Last December, a livestream group calling itself “Shanshanjiu Outdoor” with more than 3.13 million followers was convicted of gambling on the DouYu platform. The group was alleged to have promised clandestine benefits to encourage accounts to be opened. Some streamers even offered 50,000 yuan ($7,040) for a new account. Followers were able to buy virtual gifts through DouYu or WeChat and participate in lottery schemes. The group brought in nearly 120 million yuan.

It would not be the first group to test the boundaries on DouYu. In January 2021, a group ranking among the top 10 streamers on the platform conducted lucrative lottery schemes at 10 p.m. every night. Such activities were highly profitable, earning the group 177 million yuan in 2020.

According to corporate information on China’s Tianyancha database, DouYu has invested in companies that backed the two streamer groups mentioned above. This link could explain Chen’s arrest for suspected involvement in gambling.

This time, the penalty may be heavier than a fine. Ivan Chow, an independent analyst, said a conviction would probably land Chen in jail and could prompt a comprehensive overhaul of the platform. “The ‘Changsha Countryside Death Squadron’ was at its peak during the Covid pandemic when many more people were not working and were instead spending a lot of time gambling,” he said. “But online gambling is the last thing Chinese authorities want to see, hence their draconian crackdown efforts in recent years.”

Risky bet on building traffic

Chen, born in 1984, began online gaming when he was in the fifth grade and dropped out of college as a freshman to set up the gaming platform “ZMR”, which was bought by Shanda Games for 4 million yuan. He made his first fortune at the age of just 25.

In 2010 Chen bought AcFun, the first Chinese website specializing in so-called ACGN content, related to anime, comics, games and novels. Four years later he spotted the live-streaming trend, hiving off the site’s live-streaming arm as “DouYu TV”, and gained an investment from Tencent (0700.HK).

The company went public on the Nasdaq in 2019, raising about $890 million. At that point Chen was still only 35 years old, with a net worth of 2.5 billion yuan, landing him on the 2019 Hurun Rich List. The following year he ranked 34th on a rich list for self-made men and women born after 1980, becoming a role model for many young people with his wealth of 5.5 billion yuan.

However, under pressure from up-and-coming rivals such as Huya (HUYA.US), Kuaishou (1024.HK), Bilibili (BILI.US; 9626.HK) and TikTok, Chen’s company went all out to boost traffic. In the process, it ended up being named and shamed by the authorities, who ordered DouYu to clean up pornographic and other unsavory content on its platform.

With competition intensifying, DouYu’s revenues have declined, falling from 9.6 billion yuan in 2020 to 9.1 billion yuan a year later, and shrinking further to 7.1 billion yuan in 2022. The platform was mired in the red until drastic cost cuts helped it to achieve profits for three consecutive quarters.
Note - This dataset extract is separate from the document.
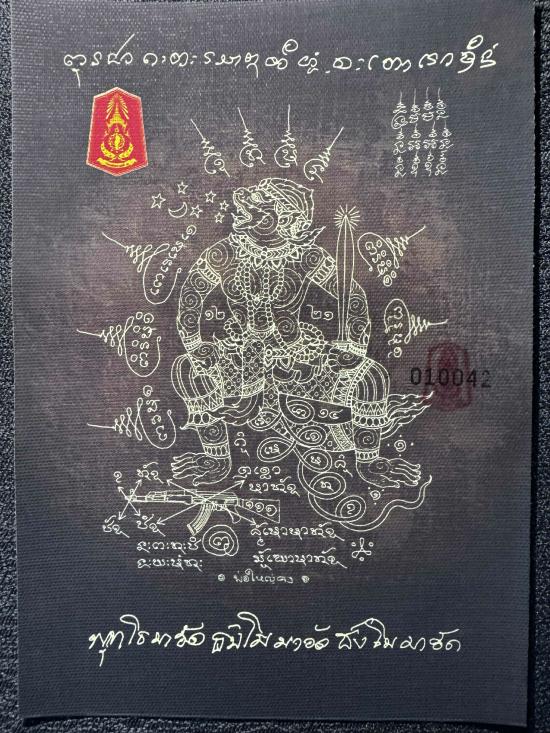 เคาะเดียว 300 ผ้ายันต์พหูรมานสีขาว no.010042 แม่ทัพภาคที่2.ทำแจกทหารชายแดนรอบที่2.หลวงปู่เมตตาอฐิฐานจิตเสกเดี่ยวอย่างเข้มขลัง(ผ้าแคนวาสสกรีนตรากองทัพภาคที่2)รันเลขนัมเบอร์พร้อมประทับหมึกเเดงตรากองทัพ |

In the second quarter to the end of June, DouYu’s non-GAAP net profit more than doubled to 61.4 million yuan, according to earnings figures released in August.
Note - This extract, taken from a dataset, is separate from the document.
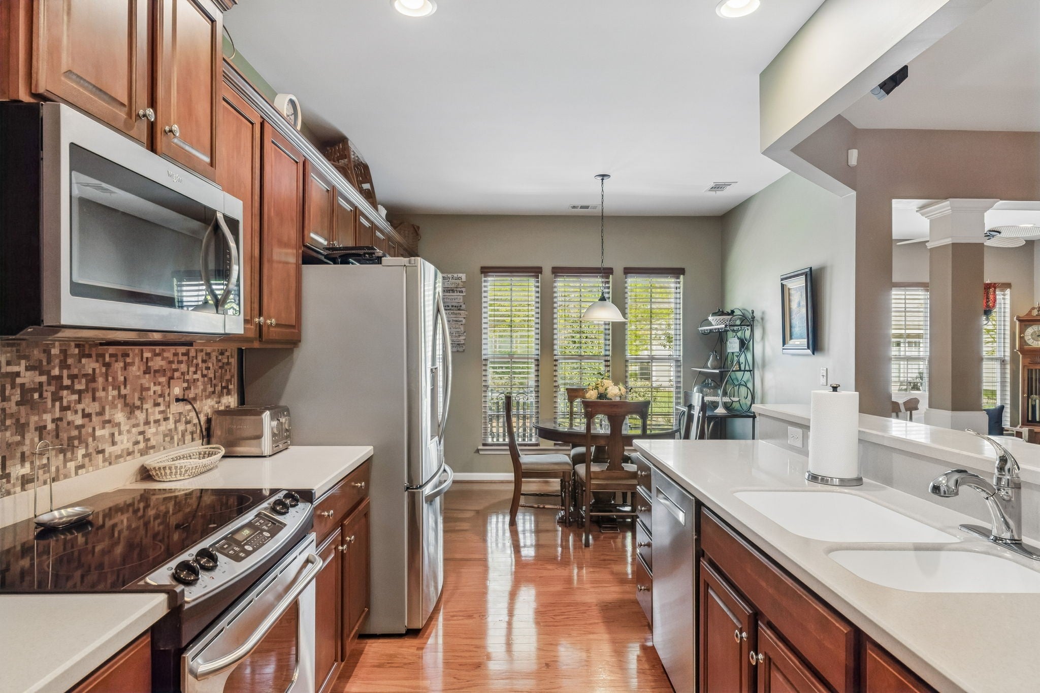 - Electric Oven, Dishwasher, Disposal, Microwave, Refrigerator, Stainless Steel Appliance(s)

In 2020, Huya and DouYu had considered joining forces under a Tencent-brokered deal to better compete with platforms such as TikTok. Huya would have acquired DouYu via a share exchange, but all the efforts fizzled out in the face of anti-trust concerns.
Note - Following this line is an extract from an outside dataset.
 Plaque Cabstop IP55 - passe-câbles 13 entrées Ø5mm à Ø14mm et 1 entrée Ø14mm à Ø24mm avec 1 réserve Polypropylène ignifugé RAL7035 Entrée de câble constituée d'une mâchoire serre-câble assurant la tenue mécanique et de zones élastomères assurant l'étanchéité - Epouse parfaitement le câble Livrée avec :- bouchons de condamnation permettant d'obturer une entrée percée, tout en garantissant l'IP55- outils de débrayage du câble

The U.S. listing created a stock market star, but DouYu fell back to earth with a bump. As of Nov. 25, its market value was only about $285 million, with around 92% of its initial $3.7 billion valuation wiped out. Events took a darker turn for investors on Oct. 25 when the company issued a statement noting that its stock price had been below $1 for 30 consecutive trading days. If the share price fails to break back above $1 before April 22 next year the company could face the risk of delisting. The arrest of DouYu’s founder will make a recovery even more difficult.